*** Opening Records for this exercise ***
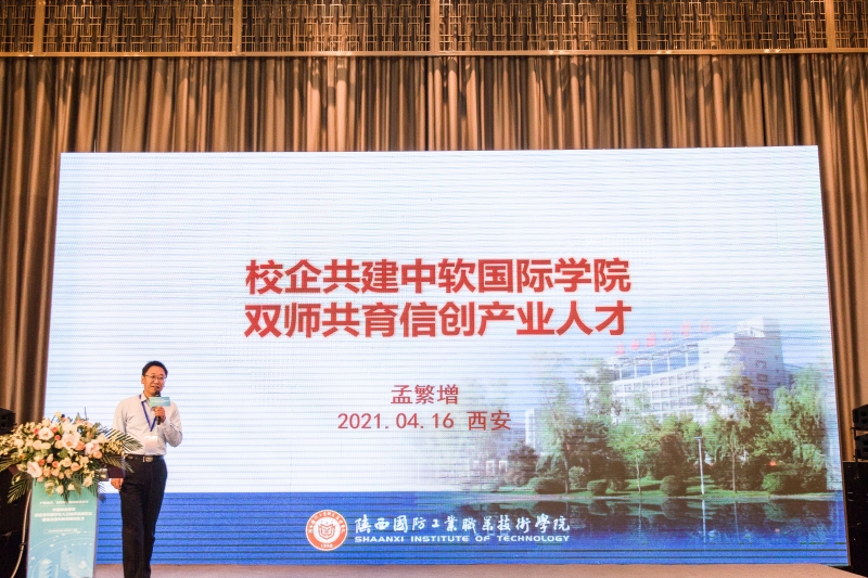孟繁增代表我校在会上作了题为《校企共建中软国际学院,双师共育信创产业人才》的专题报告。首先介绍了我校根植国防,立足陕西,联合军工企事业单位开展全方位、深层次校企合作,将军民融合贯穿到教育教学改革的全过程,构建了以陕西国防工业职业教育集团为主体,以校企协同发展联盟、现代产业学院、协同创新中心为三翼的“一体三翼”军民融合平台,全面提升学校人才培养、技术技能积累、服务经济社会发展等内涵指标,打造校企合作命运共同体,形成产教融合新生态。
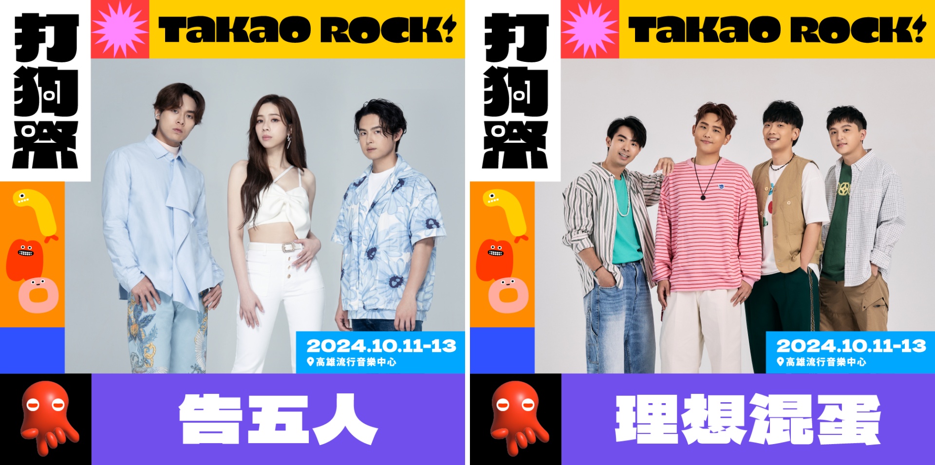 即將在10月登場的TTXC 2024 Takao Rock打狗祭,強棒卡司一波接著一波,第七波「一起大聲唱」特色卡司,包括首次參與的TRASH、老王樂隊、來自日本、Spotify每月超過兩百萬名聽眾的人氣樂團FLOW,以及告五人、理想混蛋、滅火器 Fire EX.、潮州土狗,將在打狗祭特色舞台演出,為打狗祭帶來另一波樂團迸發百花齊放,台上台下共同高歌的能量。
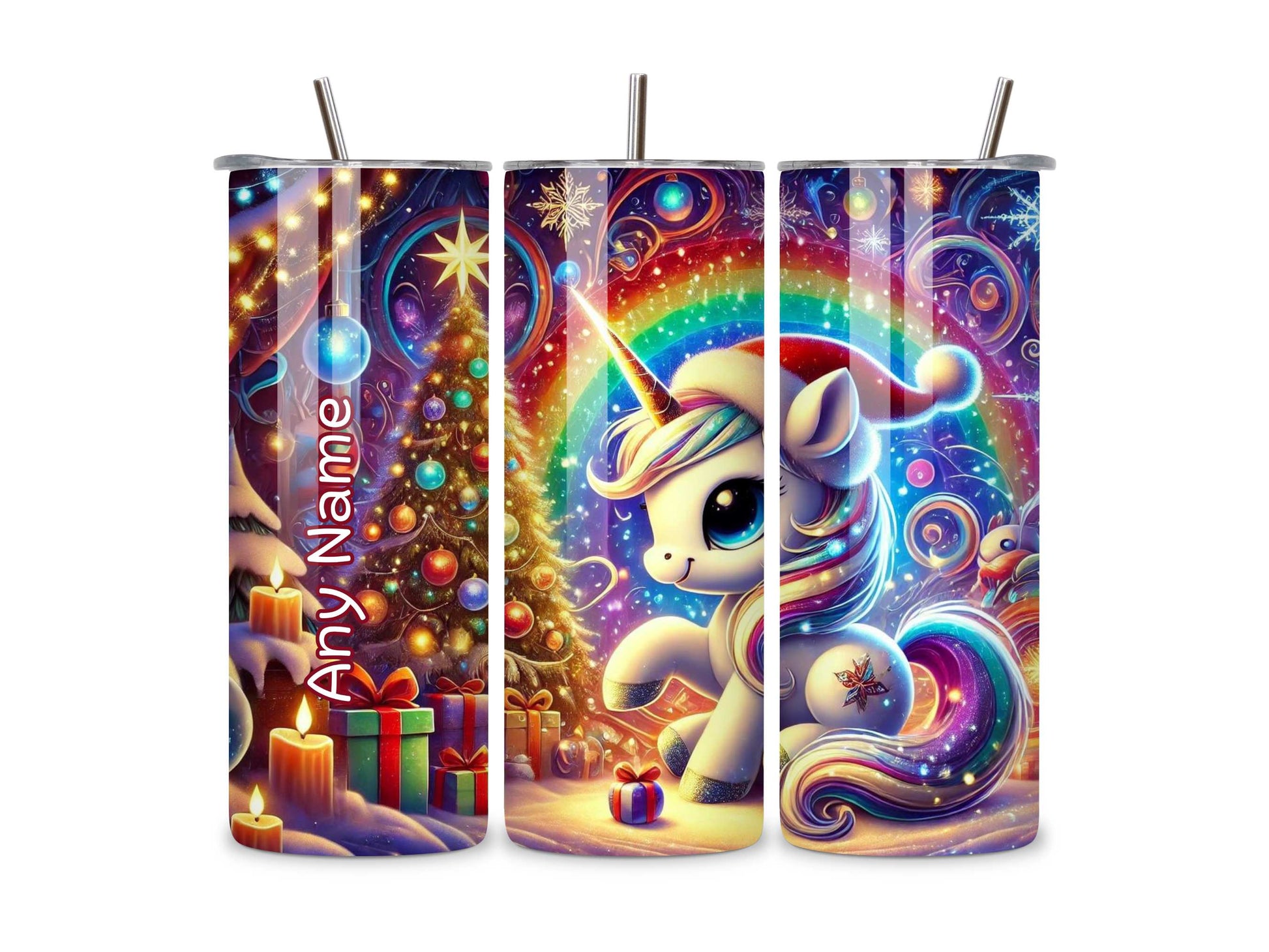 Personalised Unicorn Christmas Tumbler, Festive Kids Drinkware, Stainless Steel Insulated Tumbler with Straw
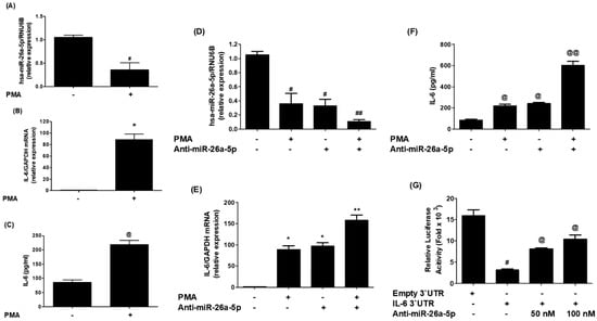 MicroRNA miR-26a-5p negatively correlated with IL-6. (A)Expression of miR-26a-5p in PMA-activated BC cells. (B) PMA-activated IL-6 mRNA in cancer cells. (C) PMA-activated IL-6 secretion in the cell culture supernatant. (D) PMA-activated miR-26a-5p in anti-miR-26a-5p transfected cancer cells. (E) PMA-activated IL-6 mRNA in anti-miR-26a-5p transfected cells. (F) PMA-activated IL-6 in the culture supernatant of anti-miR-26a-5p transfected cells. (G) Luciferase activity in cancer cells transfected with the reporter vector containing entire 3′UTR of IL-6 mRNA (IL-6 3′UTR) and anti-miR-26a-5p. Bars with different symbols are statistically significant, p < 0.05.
*** Closing Records for this exercise ***
*** Opening Records for this exercise ***
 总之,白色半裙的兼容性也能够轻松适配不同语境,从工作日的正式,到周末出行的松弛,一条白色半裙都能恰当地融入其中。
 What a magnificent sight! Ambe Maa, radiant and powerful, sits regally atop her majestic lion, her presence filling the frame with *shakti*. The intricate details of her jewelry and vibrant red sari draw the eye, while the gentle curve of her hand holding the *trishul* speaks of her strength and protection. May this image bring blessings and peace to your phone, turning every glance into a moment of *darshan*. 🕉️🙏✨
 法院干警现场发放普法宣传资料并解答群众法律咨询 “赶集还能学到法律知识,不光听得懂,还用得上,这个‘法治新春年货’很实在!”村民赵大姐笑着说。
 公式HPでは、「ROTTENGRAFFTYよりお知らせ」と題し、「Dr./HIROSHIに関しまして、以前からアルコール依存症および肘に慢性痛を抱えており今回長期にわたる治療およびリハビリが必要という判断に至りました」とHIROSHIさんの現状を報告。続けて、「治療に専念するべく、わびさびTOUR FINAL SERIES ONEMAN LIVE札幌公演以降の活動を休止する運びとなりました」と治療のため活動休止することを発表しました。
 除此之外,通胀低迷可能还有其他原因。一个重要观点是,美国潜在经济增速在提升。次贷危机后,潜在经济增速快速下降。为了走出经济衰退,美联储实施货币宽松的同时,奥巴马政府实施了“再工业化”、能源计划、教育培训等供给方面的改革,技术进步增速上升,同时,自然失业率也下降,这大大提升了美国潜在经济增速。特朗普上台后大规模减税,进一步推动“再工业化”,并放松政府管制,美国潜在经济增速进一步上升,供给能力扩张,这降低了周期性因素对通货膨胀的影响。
*** Closing Records for this exercise ***
**Requirement:**
Restate word for word only the lines above from the line containing "总之,白色半裙的兼容性也能够" to the line containing "除此之外,通胀低迷可能还有其", both of them included.

**Exercise answer:**
 总之,白色半裙的兼容性也能够轻松适配不同语境,从工作日的正式,到周末出行的松弛,一条白色半裙都能恰当地融入其中。
 What a magnificent sight! Ambe Maa, radiant and powerful, sits regally atop her majestic lion, her presence filling the frame with *shakti*. The intricate details of her jewelry and vibrant red sari draw the eye, while the gentle curve of her hand holding the *trishul* speaks of her strength and protection. May this image bring blessings and peace to your phone, turning every glance into a moment of *darshan*. 🕉️🙏✨
 法院干警现场发放普法宣传资料并解答群众法律咨询 “赶集还能学到法律知识,不光听得懂,还用得上,这个‘法治新春年货’很实在!”村民赵大姐笑着说。
 公式HPでは、「ROTTENGRAFFTYよりお知らせ」と題し、「Dr./HIROSHIに関しまして、以前からアルコール依存症および肘に慢性痛を抱えており今回長期にわたる治療およびリハビリが必要という判断に至りました」とHIROSHIさんの現状を報告。続けて、「治療に専念するべく、わびさびTOUR FINAL SERIES ONEMAN LIVE札幌公演以降の活動を休止する運びとなりました」と治療のため活動休止することを発表しました。
 除此之外,通胀低迷可能还有其他原因。一个重要观点是,美国潜在经济增速在提升。次贷危机后,潜在经济增速快速下降。为了走出经济衰退,美联储实施货币宽松的同时,奥巴马政府实施了“再工业化”、能源计划、教育培训等供给方面的改革,技术进步增速上升,同时,自然失业率也下降,这大大提升了美国潜在经济增速。特朗普上台后大规模减税,进一步推动“再工业化”,并放松政府管制,美国潜在经济增速进一步上升,供给能力扩张,这降低了周期性因素对通货膨胀的影响。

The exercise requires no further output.